@jaanaru @jiahongbo @NicoleCRust @Neurograce @wandell @anilkseth @DrYohanJohn @PessoaBrain @ShahabBakht @jerlich @LeslieKay
Nicole, you started out asking about complexity measures of consciousness. Anyone interested in this has to absorb Scott Aaronson's critique of IIT: https://scottaaronson.blog/?p=1799
He shows that the IIT measure does not even come close to isolating what we think we mean when we separate the conscious from the unconscious. The punch line is:
"More generally, we can achieve pretty good information integration by hooking together logic gates according to any bipartite expander graph: that is, any graph with n vertices on each side, such that every k vertices on the left side are connected to at least min{(1+ε)k,n} vertices on the right side, for some constant ε>0. And it’s well-known how to create expander graphs whose degree (i.e., the number of edges incident to each vertex, or the number of wires coming out of each logic gate) is a constant, such as 3. One can do so either by plunking down edges at random, or (less trivially) by explicit constructions from algebra or combinatorics. And as indicated in the title of this post, I feel 100% confident in saying that the so-constructed expander graphs are not conscious! The brain might be an expander, but not every expander is a brain."
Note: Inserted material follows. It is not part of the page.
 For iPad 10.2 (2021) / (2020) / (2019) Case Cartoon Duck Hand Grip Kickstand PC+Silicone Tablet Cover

Tononi, to his credit or blame, is so committed to IIT that his response is yes, such an arrangement of logic gates is conscious. But I think that pretty much destroys any connection of what he calls consciousness to what the rest of us are referring to when we use that term.
I don't doubt that there is some sense in which conscious brains are functionally in more complex states than unconscious brains. And that it might be possible to characterize this difference in ways that are, say, clinically meaningful in identifying awareness in locked-in patients. I have no idea how effective any of the existing measures are at this, or how unique they are in being effective (if they are), or whether, if they do the job, they are about as simple as any criterion that could do the job can be. I don't even know if these questions have been asked. At any rate, these are practical issues.
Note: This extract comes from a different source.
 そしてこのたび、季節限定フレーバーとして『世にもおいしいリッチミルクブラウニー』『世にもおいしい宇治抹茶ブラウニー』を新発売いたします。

But the idea that one proclaims a theory, writes down an expression for complexity and proclaims that is the alchemical formula for consciousness -- well, that's just silly. I think that completely misunderstands what a theory is.
I'll also add that I agree with several people above (@neurograce, @DrYohanJohn, probably others) that the "hard problem of consciousness" -- why do objective arrangements of matter create subjective experience -- is not a question science can answer. Science is a process of distilling out the objective, measurable, reproducible. It can tell us all about the structures of neural activity that enter consciousness and create its contents, the NCCs. Maybe when we understand this and get used to it the hard problem won't seem so interesting or bothersome. Maybe it will seem natural that *that* kind of neural activity enters conscious awareness. Maybe the mystery will seem to disappear. But all science can tell us about are the objective structures and their correlations with subjective experience. Not why cold dead matter organized intro energy-consuming, reproducing (living) entities can, in some cases, produce subjective awareness.